La reivindicación real de los trabajadores en la actitud defensiva de los sindicatos, frente a una imaginaria reforma laboral, es la misma de los ciudadanos, frente a los partidos políticos en las negociaciones del Congreso. Una mera ilusión. Ni los unos ni los otros están realmente representados.

Por eso pelean en el Senado –con la espontanea intervención de los sindicatos patronales–, por eso cada quien defiende su parcela, por eso no hay entendimiento.

Por una extraña paradoja de la formula democrática contemporánea, los dirigentes sindicales, tanto como los dirigentes partidarios, se apoyan en los supuestos beneficios de sus representados o seguidores, pero imponen la lógica de los cuerpos superiores.

Es decir, los sindicatos crean el interés sindical. Los partidos forman el interés político. Pero ni unos ni otros significan, en realidad, el interés ciudadano. Ese siempre se queda al margen. Las asociaciones no suman; fragmentan el interés de quienes los constituyen.

La “sindicatocracia” y la “partidocracia”, cada una en cada caso, eliminan el verdadero sentido de la dignificación laboral o política. El líder sindical no es un servidor de sus compañeros. No los conoce; son tantos como para no saber quiénes son. Todo se desdibuja en la estructura seccional y regional.

El trabajador es apenas un engrane minúsculo en la enorme maquinaria de los miles de millones de pesos generados por sus cuotas, las cuales ni siquiera son entregadas por él al nuevo “Gran hermano” sindical: el patrón (casi siempre el gobierno, en el caso de las organizaciones mayores) se lo retira de sus haberes.
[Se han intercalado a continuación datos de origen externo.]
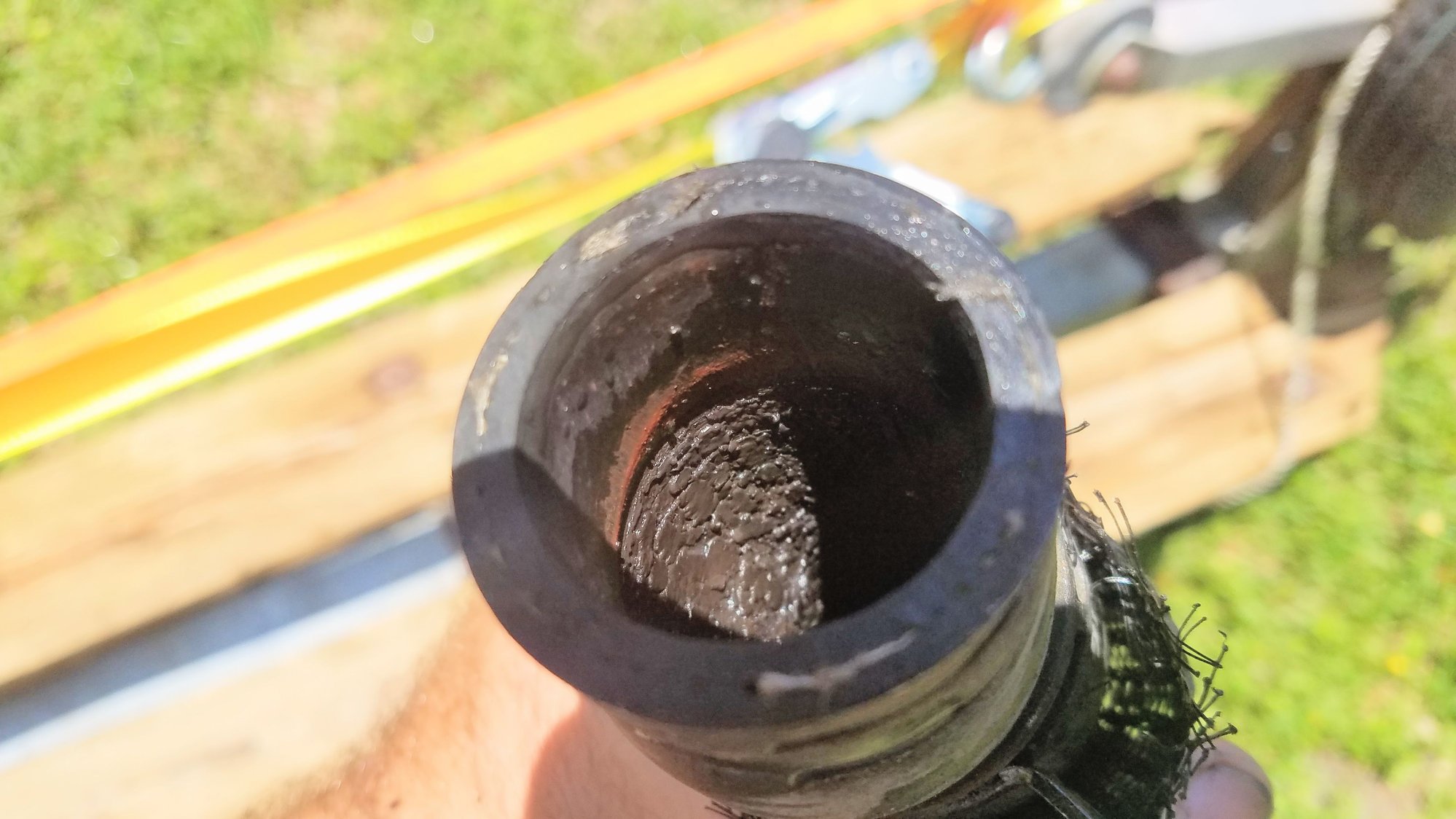 A while back I had found the hose to my overflow tank was totally plugged up with gunk, so when doing the rad I fully removed all the hoses to inspect. Good thing I did. . . They all had a bunch of black crusty build up.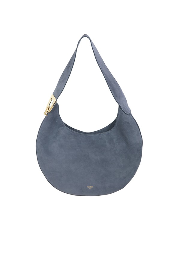 Realizzata in suede, dalla forma a mezza luna, da portare a spalla. Con dettaglio oro. Chiusura con zip, taschino interno.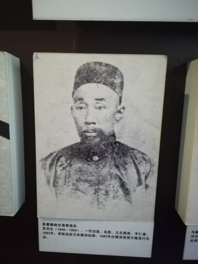 蘇曼殊先生之父蘇杰生,在日本經商,娶一日本女子為妻生下曼殊,后任英商茶行買辦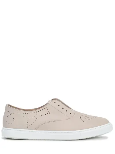-Бежевые кеды из нубука от FRATELLI ROSSETTI. -Модель с округлым мысом, толстой резиновой подошвой, декоративной перфорацией, внутренней отделкой из натуральной кожи. -Пару можно носить как без шнурков, так и используя белые комплектные.

Es un Estado intermediario, gestor cómplice del abultamiento de las arcas del líder –o de su tesorería–, quien dispone de ellas de acuerdo con su interés, munificencia o egoísmo.

Cuando los sindicatos crean, por ejemplo, fondos para la vivienda, no es por un interés genuino en la mejoría habitacional de sus agremiados, sino para darle trabajo de costosa casi siempre inflada sus propias compañías constructoras. De esa manera la CTM, por ejemplo, fue durante años el principal contratista del Infonavit.

Lo mismo sucede con los servicios de salud, los clubes deportivos; los hoteles del sindicato, instalaciones siempre construidas por las empresas de los dirigentes, en terrenos previamente adquiridos para la especulación y edificadas mediante gestiones financieras a cambio de apoyos políticos.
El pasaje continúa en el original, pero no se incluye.